Matching and grouping happen within microseconds in Cassie, enabling the delivery of services at the necessary operating speeds within healthcare environments. Cassie effectively “joins the dots” in collected data to confirm the identity of individuals from numerous different platforms and build a single data profile. Crucially, the individual is always in control of what data they share and with who.
“Service operators can take data out of Cassie and match it with other systems from Reltio and Wise 360 and other businesses that are enrichment systems,” adds Jackson. “Then they pass that data back into Cassie and we build up the profile until we’ve got complete knowledge about who that person is from an identity perspective.
“Cassie receives information, and we take that and hold it against our database, then we use that when we’re matching.
“This is happening in an automated flow from end to end. We’re ensuring that some data change from one system is being matched into Cassie. We then pass that information out to all the other systems. And that’s happening almost in real-time, continuously.”

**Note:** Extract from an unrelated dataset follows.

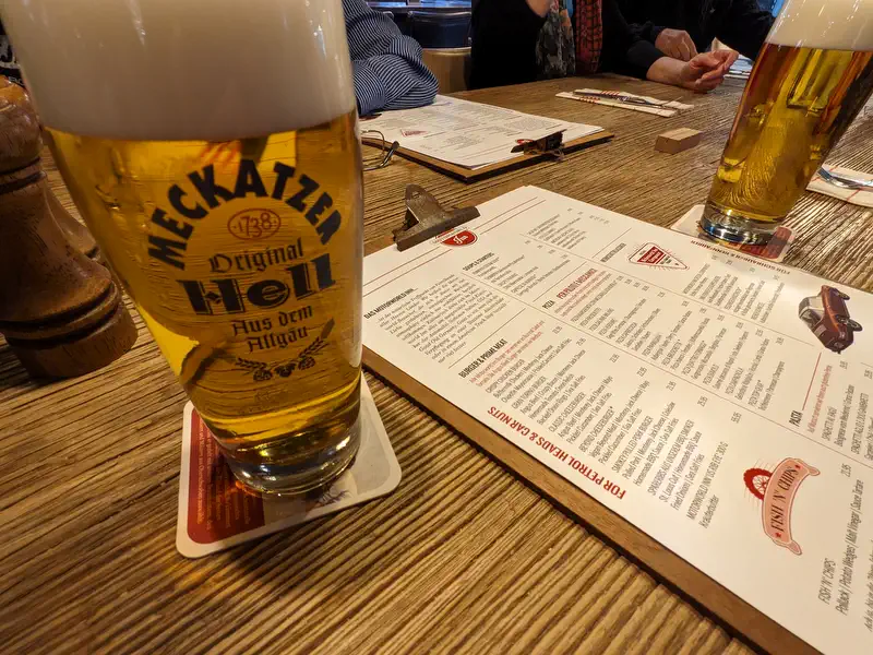 Die Location ist wirklich schick, viel Holz, viel Auto, viel Schnickschnack. So sind die Griffe an den Türen alte Zapfhähne. Das Bier wurde schnell geliefert, es gab Meckatzer und auch das Essen wurde schnell geliefert. Lecker wars auch, hier gibt es erstmal nichts zu meckern. Das ganze am schicken langen Tisch mit bequemen Barhockern.

A customised solution to ensure data regulation compliance
With the rush to ensure GDPR compliance in 2018, Jackson says that many companies purchased off-the-shelf software to meet requirements. However, these companies are now finding this to be restrictive for data management.
In contrast, Cassie is a fully customisable platform built to meet the specific operational demands of an individual business or organisation, while also enabling compliance with all international or regional data protection regulations. And if there are further regulations for consent within a particular region or country, Cassie can create additional channels.
“We took the harder technical route because we had to build that flexibility. But we took the easier consultancy route because we say to clients: ‘tell us how to make it work and we can configure Cassie’,” adds Jackson. “That’s why we’re different.”
A prime example of Cassie’s capabilities is a project Fairhurst has been working on for an international pharmaceutical company. He says meeting the client’s stringent requirements has been possible thanks to Cassie’s flexibility and robust data management capabilities.
“This is one of the longest test phases I’ve ever had with customer products because they need to ensure that everything can be controlled. One of the biggest things is that they want to make sure the data is coming in exactly how they expect it. Because if it’s not, they need to fix it,” he says.
“They want to ensure that they truly hold people’s consent without risking making a mistake or not capturing properly. Because that can then become very painful and expensive in terms of regulations.”
Fairhurst says that the results so far are highly encouraging.
“The data model complies with all of the local laws. Because this company is so stringent and security conscious with how the data is, it’s already at a higher level than what any country ever requires,” adds Fairhurst. “The complexity of this project has been immense, but we have delivered 100% what the client needed for their business model, their customers and their stakeholders. They have a way of managing consent now which is fully compliant with all the legislations they operate under, customer-friendly and scalable. It’s a very satisfying feeling.”